# Brief
The reply should contain every entry below exactly as written, with no images.

# Data to examine
----

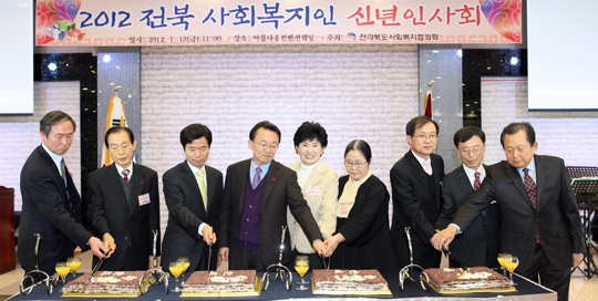 13일 전주 아름다운컨벤션웨딩홀에서 열린 2012 에 김완주도지사를 비롯한 참석인사들이 축하떡을 자르고 있다. 사진 제공=전북도
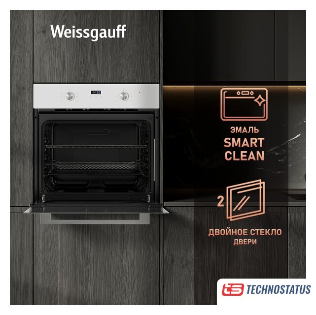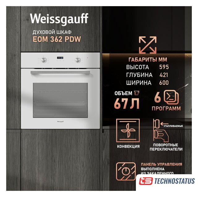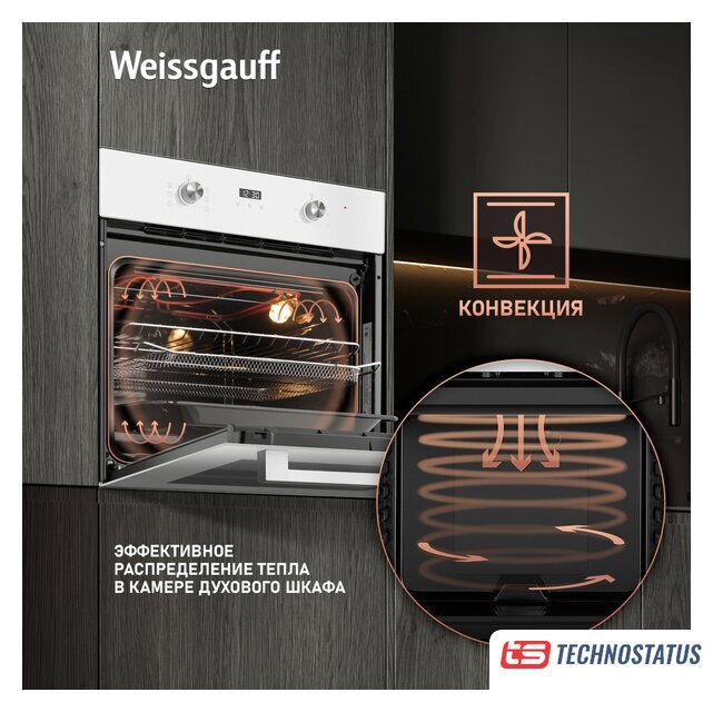 электрический с конвекцией, объем 60 л, 6 режимов, очистка ручная, направляющие проволочные, термощуп
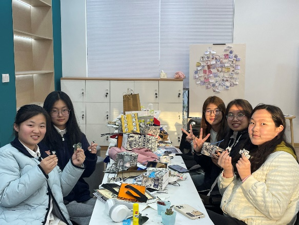 活动现场就“社会工作专业知识盲盒大挑战、“做不被定义的你”炫酷展板秀、“变废为宝”创意手工艺品狂欢”三个活动展开。在“社会工作专业知识盲盒大挑战”环节,参与者纷纷上前抽取盲盒,每个盲盒内都藏有一道与社会工作专业相关的知识题目。大家或思考、或讨论,寻找答案,现场氛围既紧张又充满乐趣。在“做不被定义的你”炫酷展板秀环节,同学们都一一地在留言板上写下心中所想,撕掉展板上世俗的标签,勇敢地对社会刻板印象say“No!”。我们每个人既是参与者,也是主角,用“心”出去,自然有“力”回来。远离焦虑,坚定地爱自己、爱生活、爱社会!在“变废为宝”创意手工艺品狂欢环节,大家利用不同的表现手法,如剪纸、雕刻、绘画等,将协会成员提前向广大师生征集的“垃圾袋”巧手变宝。经过大家巧妙的改造设计,原本看似毫无用处的袋子摇身一变,或是变成了收纳袋,或是变成了纸巾盒,有的则变成了精美的装饰品,重新焕发了旧物的魅力。
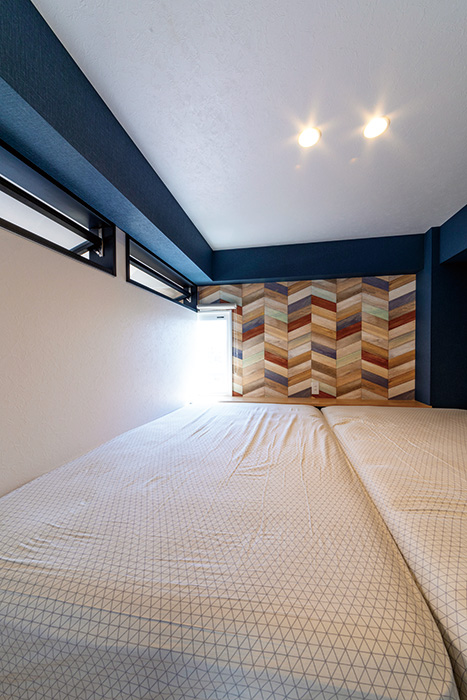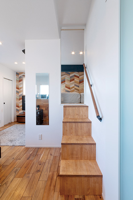 | 5階の寝室は、右側に階下へ続く階段があるため段差を設けて配置。寝室への階段は収納を兼ねている | 床の高さを1m上げ、ロフトのような形で設けた寝室。すべり出し窓を開口し、通風にも配慮 |
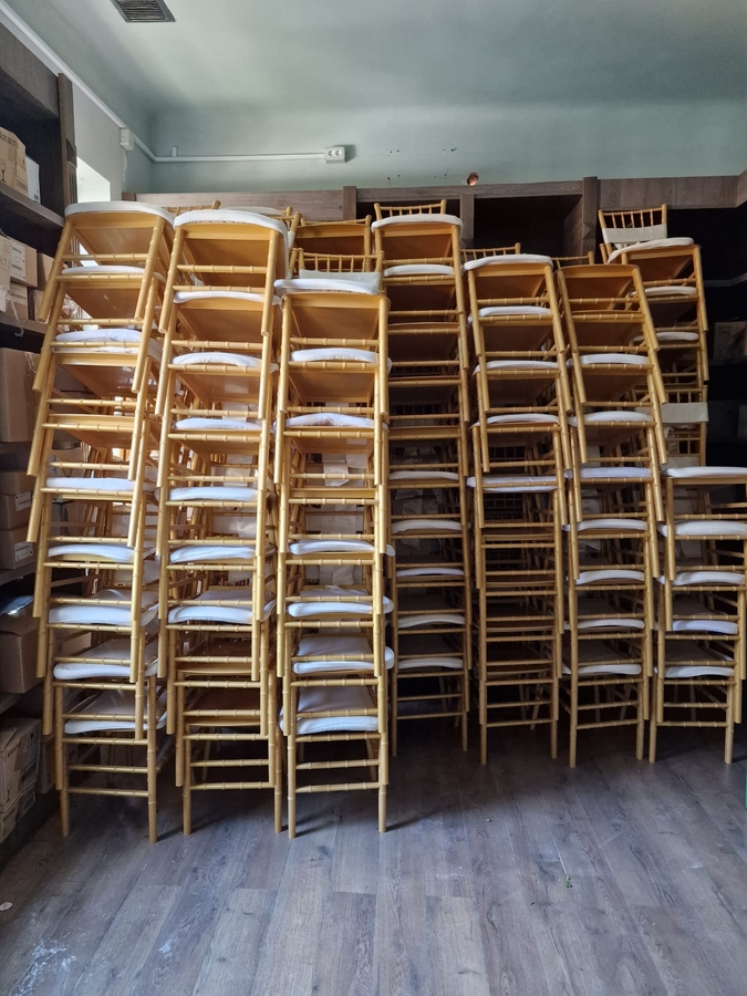 Vand scaune Chiavari, tacamuri, farfurii, pahare

----

# Written solution
 13일 전주 아름다운컨벤션웨딩홀에서 열린 2012 에 김완주도지사를 비롯한 참석인사들이 축하떡을 자르고 있다. 사진 제공=전북도
 электрический с конвекцией, объем 60 л, 6 режимов, очистка ручная, направляющие проволочные, термощуп
 活动现场就“社会工作专业知识盲盒大挑战、“做不被定义的你”炫酷展板秀、“变废为宝”创意手工艺品狂欢”三个活动展开。在“社会工作专业知识盲盒大挑战”环节,参与者纷纷上前抽取盲盒,每个盲盒内都藏有一道与社会工作专业相关的知识题目。大家或思考、或讨论,寻找答案,现场氛围既紧张又充满乐趣。在“做不被定义的你”炫酷展板秀环节,同学们都一一地在留言板上写下心中所想,撕掉展板上世俗的标签,勇敢地对社会刻板印象say“No!”。我们每个人既是参与者,也是主角,用“心”出去,自然有“力”回来。远离焦虑,坚定地爱自己、爱生活、爱社会!在“变废为宝”创意手工艺品狂欢环节,大家利用不同的表现手法,如剪纸、雕刻、绘画等,将协会成员提前向广大师生征集的“垃圾袋”巧手变宝。经过大家巧妙的改造设计,原本看似毫无用处的袋子摇身一变,或是变成了收纳袋,或是变成了纸巾盒,有的则变成了精美的装饰品,重新焕发了旧物的魅力。
 | 5階の寝室は、右側に階下へ続く階段があるため段差を設けて配置。寝室への階段は収納を兼ねている | 床の高さを1m上げ、ロフトのような形で設けた寝室。すべり出し窓を開口し、通風にも配慮 |
 Vand scaune Chiavari, tacamuri, farfurii, pahare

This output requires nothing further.